Arianna Huffington: non aux murs payants, oui à la conversation

Publié le 15/09/2011 à 17:20, mis à jour le 16/09/2011 à 15:18

Arianna Huffington: non aux murs payants, oui à la conversation

Publié le 15/09/2011 à 17:20, mis à jour le 16/09/2011 à 15:18

[Photo : Bloomberg]

Arianna Huffington n'a pas l'intention d'instaurer un mur payant sur le site du Huffington Post et elle croit plus que jamais à la pertinence d'un contenu accessible sur le plus grand nombre de plates-formes possibles, générant le plus de «conversations» possibles.
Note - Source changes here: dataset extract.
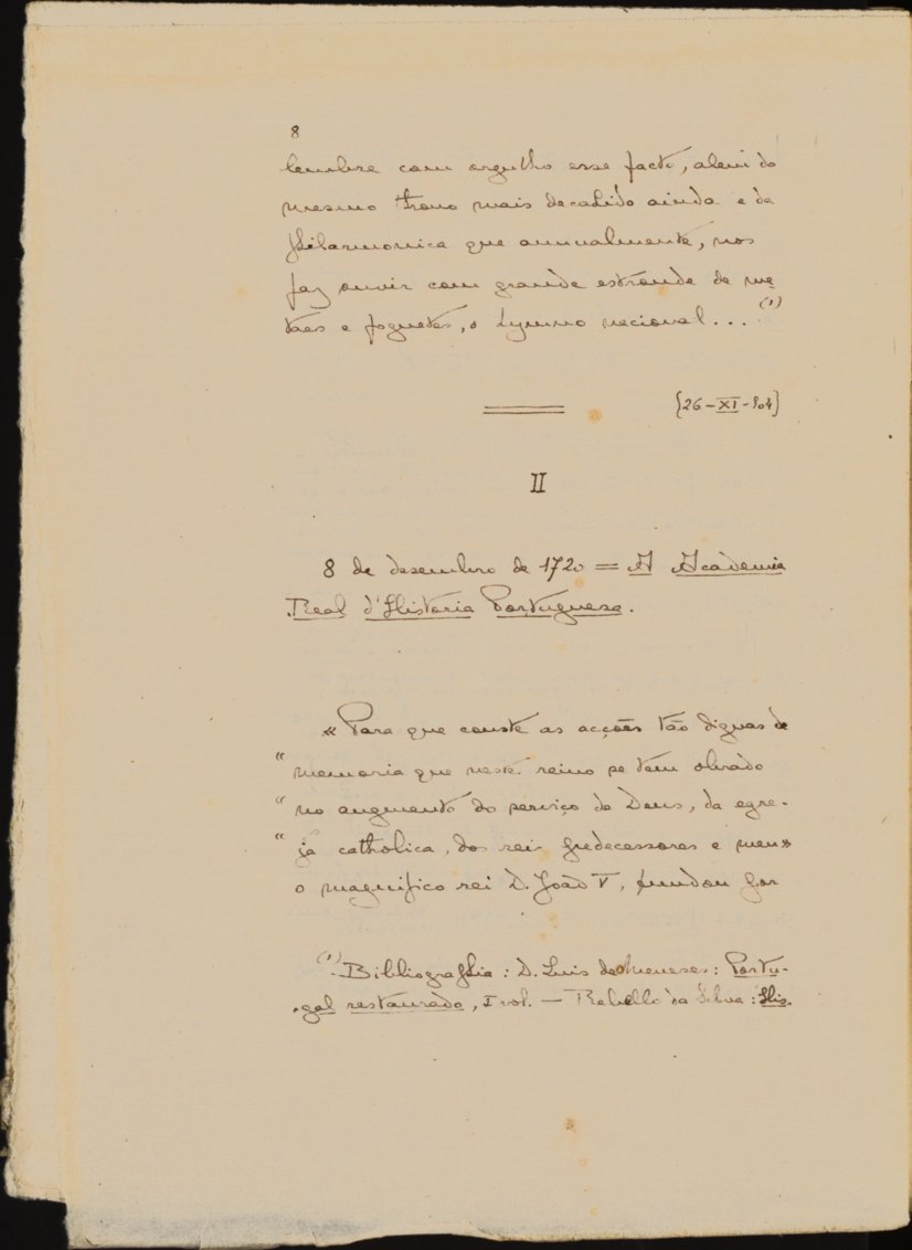 Obra Novo anno historico, ou Novo diario portuguez [manuscrito] : noticia abreviada de pessoas grandes e cousas notaveis de Portugal / Belizário Pimenta. Cópia em JPEG Encadernação DigitalI - 1 de Dezembro de 1640 - A Restauração II - 8 de Dezembro de 1720 - A Academia real d[e] historia Portuguesa III - 25 de Novembro de 1510 - Tomada de Goa por Affonso de Albuquerque IV - 11 de Agosto de 1829 - Victoria da Villa da Praia, nos Açores V - 26 de Janeiro de 1831 - Gil Vicente e a Inquisição VI - 4 de Dezembro de 1822 - O desterro do Ramalhão VII - 11 de Dezembro de 1795 - A divisão auxiliar portuguesa, nas campanhas de Roussillou e da Catalunha VIII - 18 de Julho de 1546 - O segundo cerco de Diu - O primeiro assalto IX - 27 de Novembro de 1807 - Embarque de D.João VI para o Brasil X - 14 de Fevereiro de 1387 - Casamento de D.João I e Filipa de Lencastre XI - 2 de Fevereiro de 1531 - A Ilha dos mortos XII - 5 de Fevereiro de 1525 - D. João III e o casamento XIII - 12 de Fevereiro de 1345 - Affonso IV e as ilhas canarias XIV - A viagem do monte sinai XV - 23 de Fevereiro de 1823 - O conde de Amarante e o absolutismo XVI - 5 de Março de 1823 - O conde de Amarante e as cortes de vinte XVII - 9 de Março de 1500 - A partida de Pedro Alvares Cabral XVIII - 15 de Março de 1147 - A tomada de Santarém XIX - 30 de Março de 1818 - D.João VI e a pedreirada XX - 6 de Abril de 1384 - A batalha dos Atoleiros XXI - 13 de Abril de 1821 - AO brigadeiro João Carlos de Saldanha no governo do Rio Grande do Sul XXII - 12 de Março de 1811 - A acção da Redinha XXIII - 30 de Abril de 1824 - A abrilada XXIV - 5 de Agosto de 1709 - A primeira ascensão do (padre voador) XXV - 16 de Abril de 1347 - As barbas de Viso-Rey | Encadernação Digital > II - 8 de Dezembro de 1720 - A Academia real d[e] historia Portuguesa > 8 Tipo:image/jpeg Tamanho:75 KB Cor:24 bpp

«Depuis nos débuts en 2005, nous avons généré 100 millions de commentaires sur notre site», dit la fondatrice et rédactrice en chef du Huff Post. Elle était aujourd'hui l'invité du Rendez-Vous des médias, à Montréal, organisé par Infopresse. Avec beaucoup d'humour et d'aplomb, l'une des plus célèbres blogueuses de la planète a expliqué devant une salle bondée ses vues sur les médias en général et le sien en particulier. «On a grossit en invitant les gens à entrer dans la conversation.»

Fusion avec AOL

Le Huffpost a fusionné cette année avec le géant AOL, a-t-elle dit, pour pouvoir continuer de croître, notamment sur la scène locale, «une bonne part de l'avenir du web», mais aussi international. Le HuffPost Canada a été lancé cet été et des versions françaises, espagnoles, brésiliennes -et québécoises- le seront sous peu. « Ç'aurait été impossible sans cette fusion avec AOL, a-t-elle dit. Nous n'avions pas assez de ressources.»

Le HuffPost est cependant une créature rentable, assure-t-elle, qui vit de ses pubs, se nourrit de centaines de blogueurs bénévoles, mais aussi, de plus en plus, d'un staff de reporters maison que Mme Huffington assure être bien rémunéré.

Savoir se débrancher

Arianna Huffington a expliqué avoir lancé sa plate-forme, en 2005, afin de donner la parole au plus de personnes possibles, l'essence même du web 2.0. «La libre-expression de tout un chacun est devenu le nouvel entertainment. Les gens veulent produire de l'information et obtenir des réactions.»

Selon elle, la presse écrite papier n'est pas condamnée à disparaître, loin s'en faut. Tourner les pages d'un magazine ou d'un quotidien est un réflexe atavique, croit-elle. Mais les mondes digital et réel seront de plus en plus imbriqués, les modèles d'affaires réussis seront ceux qui auront réussi la convergence et le multi-plateforme. 

La reine du web a exhorté les gens... à savoir se débrancher. «Il faut apprendre à se déconnecter d'internet, dit-elle, pour mieux se connecter à nous-mêmes. Ne laissez pas vos cellulaires allumés à côté de votre lit!»

L'avenir sera social, dit-elle. Tant dans le monde virtuel que réel. Deux tendances contradictoires en apparence, mais qui convergent vers le même but: la conversation.